Schoepp is one of those artistes who sound like they’re going to be big, just because they’re so good. We thought it was a band but Trapper Schoepp is a real name of just one person, and Primetime Illusion is his third album. He writes songs about life, but in the same way as Squeeze write songs about life: they’re precisely drawn vignettes from an observant and witty eye. Musically, he’s a bit Squeeze in approach, too, with the songs carefully crafted pop with lots of production.

Opener is Shakedown, which kicks off with tom toms and is one of the musically more simple songs: being from Wisconsin he’s probably heard more Tom Petty than Difford/Tilbrook. Petty fan or not It’s Over is very Squeeze in its lyrics: “The papers are printed / The t shirts are made / The fat lady’s singing / and the champagne is sprayed”.

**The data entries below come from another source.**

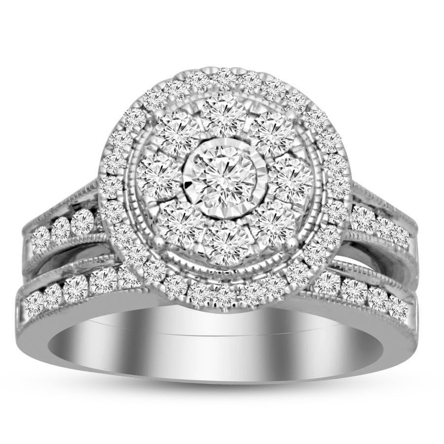 LADIES BRIDAL SET 1.50CT ROUND DIAMOND 14K WHITE GOLD
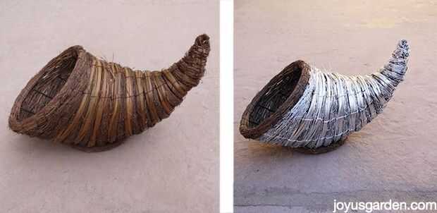 Foto 1- Mi cliente había ordenado la cornucopia, que fue llenada con flores de otoño, para su mesa de acción de gracias el año pasado de 1 de las empresas de flores en línea. Se ejecutó del molino hasta que había cepillado con pintura metalizada plata, tocar el borde, interior y base. Ya tiene un aspecto más actualizado!
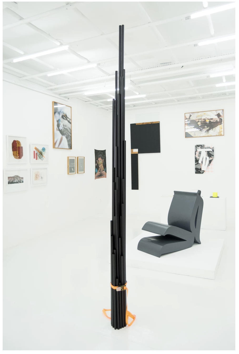 A abolição do juízo qualitativo entre saber construtivo e projeto conceitual também ganha força na obra tridimensional de H4wnee. Seu trabalho, que aglutina em superfícies portáteis um volume inversamente
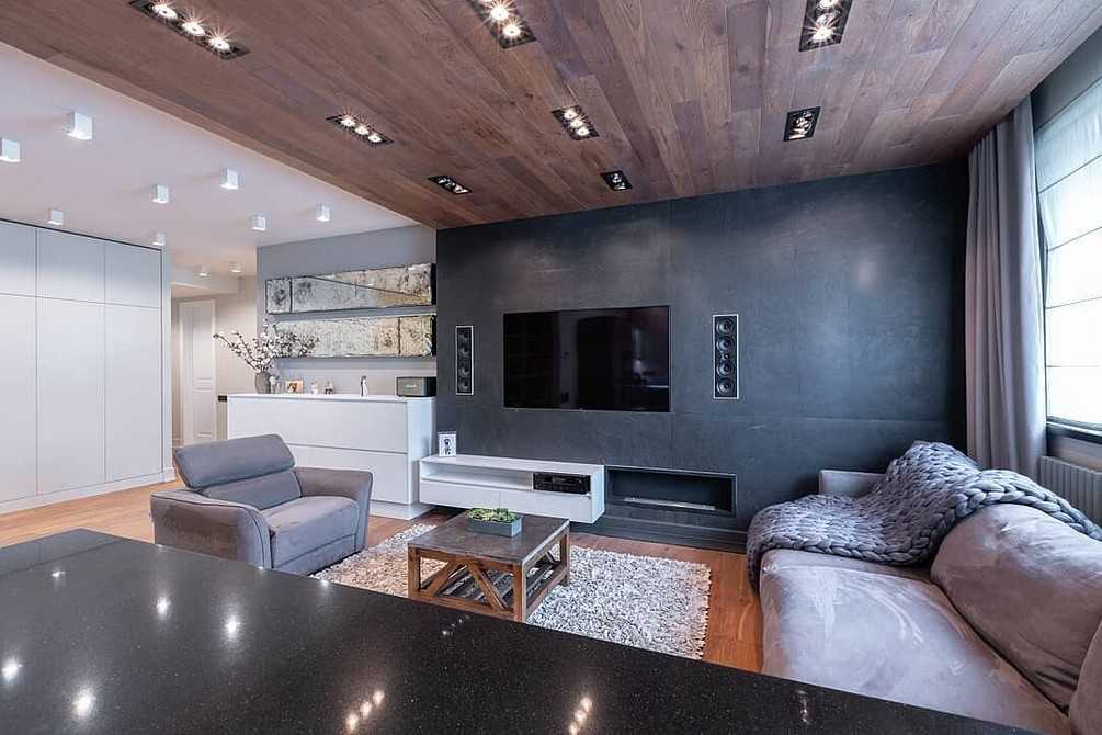Когда подходящее место найдено — как правило, это одна из стен — то там можно устроить подвесную нишу для телевизора из гипсокартона или дерева. Дизайн может быть разным: в виде изящной рамы или современного стеллажа, внутри которых красиво будут смотреться полки для книг и предметы декора.
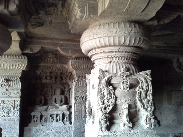 พุทธศาสนาถ้ำที่ ๑ - ๑๒ มีทั้งหินยาน และมหายาน โดยเอาแนวการแกะสลักหิน วางแปลนเหมือนถ้ำ AJANTA สร้างในยุคคุปตะ
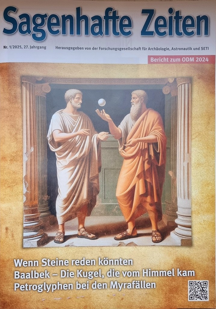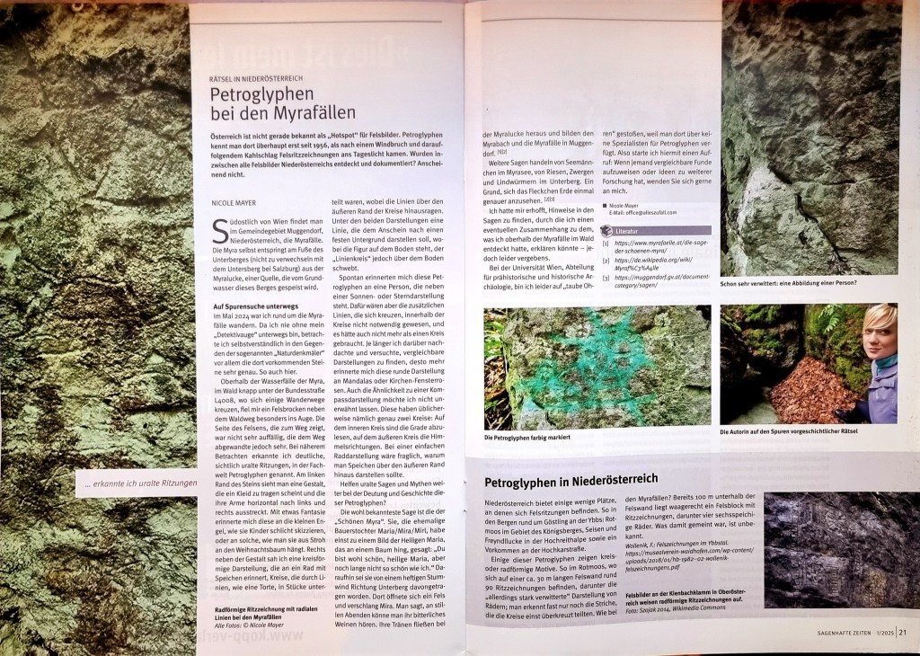 Im Frühjahr 2025 erschien mein Artikel „Petroglyphen bei den Myrafällen“ im Fach-Magazin „Sagenhafte Zeiten“ – das Magazin der A.A.S., Forschungsgesellschaft für Archäologie, Astronautik und SETI (https://www.sagenhaftezeiten.com / Facebook / Instagram / WhatsApp) – zugrundeliegende Theorie der Präastronautik von und mit Mitbegründer Erich von Däniken.

Despite titles such as Drive-Thru Divorce, the album is optimistic in tone, with plenty of melody and harmony and catchy hooks without ever feeling commercial; his gentle vocals and the careful arrangements perhaps prevent it feeling like pop. This is even true for What You Do To Her, a rollicking tune with uplifting harmonica, all about domestic abuse (we think).

Freight Train nods towards heavy rocky blues but never strays far from pop, while If All My Nines Were Xs has a riff worthy of Malcolm Young.

The talking point is Oh, Wisconsin. The lyrics of this ode to Schoepp’s home state were written by Bob Dylan in 1961, then lost for 50 years before being rediscovered by a former room-mate in 2017. Schoepp apparently took a screenshot of the lyrics from a news story and wrote the song; Dylan gave him permission to use it and getting a co-write with the great man “put wind in my sails,” Schoepp said. Well, it would.

Try What You Do To Her, the bubbliest song ever written about a drunk assaulting his wife.